After Zimbabwe election, Mugabe needs a way out

The Zimbabwe election on July 31 appears rigged and could lead to a repeat crisis like that after a 2008 vote. The African nation needs a peaceful transition through some form of forgiveness.

AP Photo
Zimbabwean President Robert Mugabe, left, shakes hands with Prime Minister Morgan Tsvangirai after he signed a new constitution into law in May.

Forgiveness can be a powerful tool to end a conflict, whether in politics or diplomacy. Yet measures such as amnesty or pardon are too rarely used. They often lose to a desire for justice. One place where forgiveness might be an effective tool right now is Zimbabwe, an African nation on the brink of a critical election – and a potential repeat of mass violence.

Zimbabweans go to the polls July 31 to elect a president. The last election in 2008 saw the long-ruling president, Robert Mugabe, lose the ballot count. His security forces unleashed such postelection violence that the ballot winner, Morgan Tsvangirai, was forced to accept a submissive role as prime minister.

Now faced with possibly losing the vote again to Mr. Tsvangirai, Mr. Mugabe, as well as his top generals and the ruling party, are doing what autocratic regimes often do to stay in power: They are rigging the voting process.

The timing of this election was rushed by Mugabe on purpose, perhaps illegally. An estimated 2 million young people have not been registered. The voting rolls have the names of more than 100,000 voters aged 100 or older. These and other dubious tactics led Human Rights Watch to declare: “The chances of having free, fair and credible elections are slim.”

Ending the long rule of leaders like Mugabe is rarely easy. Even if they want to leave, they and top supporters fear retribution if they let go of the state’s levers of power. They have gained ill-gotten wealth or hurt people in ways that demand justice.

It is a delicate choice between offering a ruler a form of forgiveness as a way to get him to exit and seeking to punish him. Opting for justice can create a deterrent against future abusive leaders and satisfy a desire for retribution by a ruler’s victims. Yet demanding justice might push a ruler to stay in power at all costs – such as rigging an election.

An offer of forgiveness and a guarantee of protection, meanwhile, could persuade a ruler to leave, ending his abuses and creating a just democracy. Yet that may not serve as an adequate deterrent to future rulers. And victims are left with little justice.

Mugabe, who has ruled Zimbabwe for 33 years, has reasons to cling to power.
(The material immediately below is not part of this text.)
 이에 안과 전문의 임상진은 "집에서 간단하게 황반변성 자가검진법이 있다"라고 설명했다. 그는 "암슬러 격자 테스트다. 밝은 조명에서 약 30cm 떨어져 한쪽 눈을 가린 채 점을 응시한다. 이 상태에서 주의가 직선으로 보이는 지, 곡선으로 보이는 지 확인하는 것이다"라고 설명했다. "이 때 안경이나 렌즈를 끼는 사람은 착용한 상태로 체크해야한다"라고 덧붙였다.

Many of Africa’s despots – most recently, those in Egypt, Libya, and Tunisia – have either been put on trial, killed, or forced into exile. A few have been either indicted or convicted by the International Criminal Court. In addition, if Mugabe does lean toward handing over power, he might face a coup by top security forces or a rebellion within his party, the Zimbabwe African National Union-Patriotic Front.

Fortunately, the opponent in the presidential race, Tsvangirai, says he would honor Mugabe once he left office, allowing him an adequate pension and recognizing his legacy in leading the liberation of the country from white rule in the 1970s.
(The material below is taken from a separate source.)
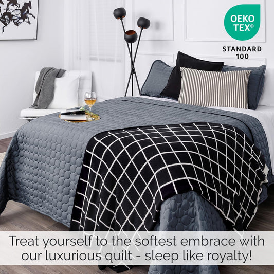 - Camden Quilt Set -Twin Quilt + One Standard Pillow Sham - Buffalo Check in Grey and Cream - Qui...

“One would say ‘let sleeping dogs lie’,” Tsvangirai told the Financial Times. “What is important is to ensure that there is stability, because stability is the basis for future progress.”

Sadly, Tsvangirai’s efforts to talk to Mugabe’s top generals about their future if he wins have been rebuffed. They, like Mugabe, see their legitimacy to rule as more derived from their role in the liberation struggle four decades ago and less from a constitutional process of elections.

Still, Mugabe and Tsvangirai have enough of a personal relationship that it is possible to create the trust necessary to allow a peaceful transition of power, one that allows Mugabe and his allies to live peacefully in their own country.

The country already has one important precedent: black Zimbabweans were largely forgiving of their former white rulers during the transition from the old nation of Rhodesia.

And it has a model in South Africa’s transition to democracy two decades ago. Nelson Mandela made a key decision to forgive white rulers if they admitted their mistakes. That process helped create the conditions for peace and growth. The idea sprung in part from the South African philosophy of ubuntu, as explained in its 1993 Constitution: “There is a need for understanding but not for vengeance, a need for reparation but not for retaliation, a need for ubuntu but not for victimization.”

Both Mugabe and Tsvangirai have invoked the name of God in their political fight. Mugabe says “only God” can remove him from power. Tsvangirai says it is God’s wish that his opposition party, the Movement for Democratic Change, win. Yet it may be the godly attribute of forgiveness that will help Zimbabwe find the healing it deserves out of this election crisis.